Thursday, July 28, 2011

Arctic Update 3 – Sharks!

The Amunsden sent over a mechanic to fix the hydraulics – so no deploying the CTD by hand (we did seriously consider it). Our day of trawling with the icebreaker resulted in no fish. I don't know if that means their experiment failed or not. The scientists on board invited us over for dinner, then slept through the meal – so no boat came for us. Eventually, we got hungry and cooked up our own dinner. We were three scientists working together to cook instant rice and we failed. I didn't realize it is possible to screw up instant rice! We screwed up scallops too.

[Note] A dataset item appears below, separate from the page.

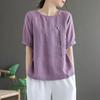 Floral Embroidery Cotton and Linen Round-neck Short-sleeved T-shirt for Women, Summer New Style Top for Women

26 July 11, we went back to pull up the line of hooks we set out two days earlier (we didn't intend to leave the line in the water so long, but, we couldn't pull it up without hydraulics). Most the hooks were gone, we assumed fish took the bait, then shark took the fish. We caught a female greenland shark that was 3.5m – big, however, the largest of these sharks reach 7m (or more, according to Pat, a fisherman from Newfoundland who is one of the crew).

These aren't scary sharks, in fact they are the slowest swimming fish out there. They range from here, Baffin Island, to off the coast of Norway and quite a distance south, off the coast of Georgia at over 2000m in depth. We don't know if they go further, in fact, there is a lot we don't know about these sharks. Greenland sharks aren't as sleek as tropical ones. Their skin is blotchy gray – smooth in one direction and rough the other way (true of all sharks). Their fins are quite rounded. They have a thick layer to protect them from the cold It's not fat – something else like a collagen layer, whale sharks also have this. Most of them have a parasite hanging off their eyes rendering them essentially blind. Since, they hang out so deep, being blind is probably not a hindrance.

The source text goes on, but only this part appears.